On Fri, Jun 7, 2024 at 6:07 PM Discher, Samiro <
[email protected]> wrote:
> If you are asking for technical details, sorry but I do not care enough
> about "Boolean algebra" to work these out. I think it is a complicated mess
> that has no pure logical character whatsoever (which is also why I think we
> would need several rules only to encode what "=" does). In particular, I
> think it is very hard and may even be impossible to provide an "elegant"
> axiomatization that doesn't need to combine a bunch of rules for what in
> Boolean algebra is considered a single step.
>
The axiomatization I provided, based on wolfram's axiom, is complete for
Boolean algebra already. That's exactly the point. I think you can be
slightly more minimalistic and use euc instead of trans, as follows:
${ euc.1 $e |- p = q $. euc.2 $e |- p = r $.
euc $a |- q = r $. $}
${ naeq.1 $e |- p = q $. naeq.2 $e |- r = s $.
naeq $a |- ( p r ) = ( q s ) $. $}
ax $a |- ( ( ( p q ) r ) ( p ( ( p r ) p ) ) ) = r $.
refl $p |- p = p $=
( tna ax euc ) AABABZAEBBAAAAACZFD $.
${ symm.1 $e |- p = q $.
symm $p |- q = p $=
( refl euc ) ABACADE $. $}
${ trans.1 $e |- p = q $. trans.2 $e |- q = r $.
trans $p |- p = r $=
( symm euc ) BACABDFEG $. $}
What it means to be "complete for boolean algebra" here is that metamath
can prove |- ( ph <-> ps ) iff the above axiomatization can prove |- p = q,
where p and q are the encodings of ph and ps as NAND formulas respectively.

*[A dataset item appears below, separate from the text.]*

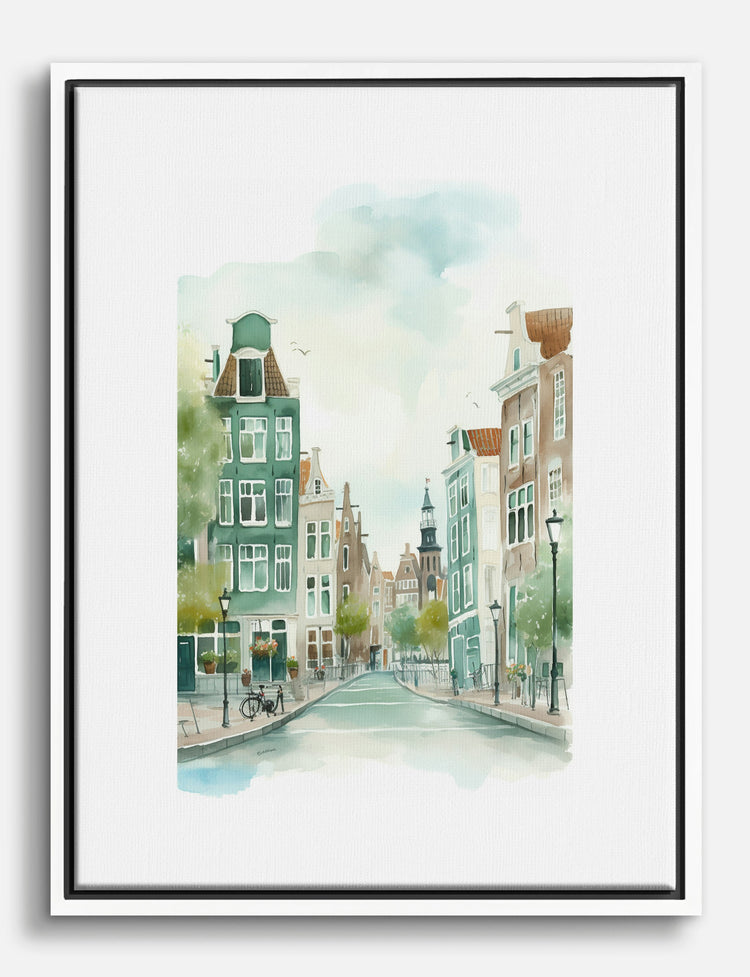 Step into a tranquil European street with this captivating watercolor. Soft greens and browns blend effortlessly, creating a soothing urban escape that fits beautifully in your living room or office. Imagine the pride of adding a touch of Amsterdams charm to your space, effortlessly elevating your decor with its unique, calming palette. This piece promises to transform any room into a haven of style and serenity, making great design accessible and affordable.

> Can you tell me how would you formalize Wolfram's axiom in Metamath
> without equality? (So that I can be sure we are on the same page).
>
> "<->" / "=" is an equivalence relation, so reflexivity, transitivity and
> symmetry of it must be covered by rules. (
> https://en.wikipedia.org/wiki/Equivalence_relation#Definition)
>
> Essentially, I would look at what Wolfram's system is able to do and
> introduce rules until they (in combination) can do everything that is
> required.
>
> Then also provide the axiom, and you're done.
> I understood Mario's approach as doing just that, except that he provided
> a fundamental axiomatization, not one merely proven on top of another
> system (like set.mm).
>
The most natural way to do this in set.mm would be to simply take the
equivalents of the above axioms as pseudo-axioms in a section, namely
{bicomi,bitri} | bitr3i, nanbi12i, and wolfram (i.e. the axiom you get by
transcribing 'ax' above using wnan and wbi).
To be clear, this axiom system will not be able to prove all theorems in
propositional logic: it is quite obviously restricted to theorems of the
form |- ( ph <-> ps ), and it is also language-restricted to only use
formulas in terms of NAND unless you add some definitions. But we would say
that propositional logic is a conservative extension of equational boolean
algebra, since all the theorems in the image of the translation are
provable iff they are provable in the equational logic.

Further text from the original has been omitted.